Today, 5th October, tastemaker London-based label Slow Dance announced the release of an exciting limited edition vinyl: Of Noise. For the project, six groups of hand-picked musicians were given six hours to create tracks using original instruments sculpted by artists. These musicians included members of bands like black midi, Sorry and Goat Girl. The release is currently available for pre-order on Rough Trade and via the label’s website.
Ventures like this are typical of Slow Dance, run by three entrepreneurial music lovers Marco Pini, Darius Williams and Maddy O’Keefe. Slow Dance is a label, management, radio and events company that grew organically out of a college art zine. It has been recognised for its status as ‘one of the capital’s finest arbiters of taste’, and for its grassroots ethos, by publications such as NME, Dazed and The Quietus.
Fitting with their artistic origins, Slow Dance have collaborated with intermedia arts organisation Late Works on this project. Late Works founder Joseph Bradley Hill, who designed the concept, was inspired by Luigi Russolo’s 1913 manifesto The Art of Noises which classifies noises into six categories. Hill chose the four sculptors to contribute while O’Keefe, Pini and Bianca Scout weighed in to choose the musicians.

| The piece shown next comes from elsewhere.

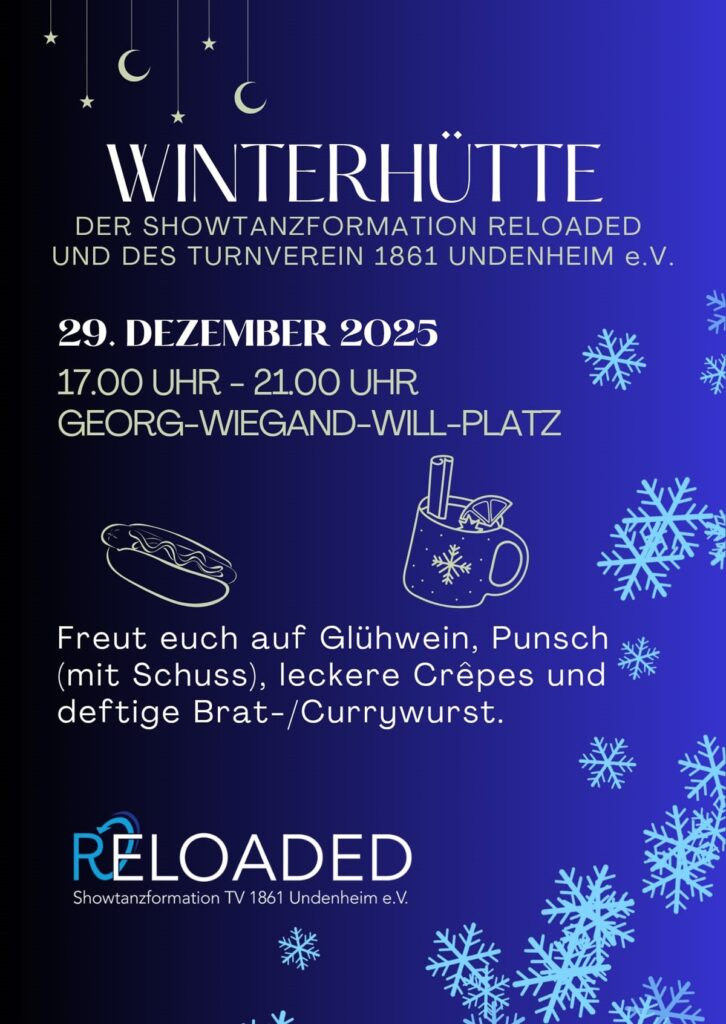 Die Showtanzformation „Reloaded“ und der TVU betreiben am 29. Dezember 2025 die Winterhütte am Georg-Wiegand-Will-Platz und laden hierzu ganz herzlich ein! Los geht’s um 17 Uhr, Ende ist gegen 21 Uhr.

One group of musicians includes Lottie Pendlebury and Rosy Jones from the Rough Trade signed band Goat Girl while another saw DJ Dairy & MC Spritz, from the 2019 Mercury nominated black midi, team up with burgeoning experimental-folk musician Aga Ujma. The musicians were only able to sample the instruments and their own voices. The result is a fascinating cross-genre set of tracks, created over six hours, that demonstrates the innate musicality of its participants.
The physical product is covered in interesting graphics and contains a black and white risographed concertina booklet detailing the project. Projects like these are important because they question the purpose of music and push its parameters.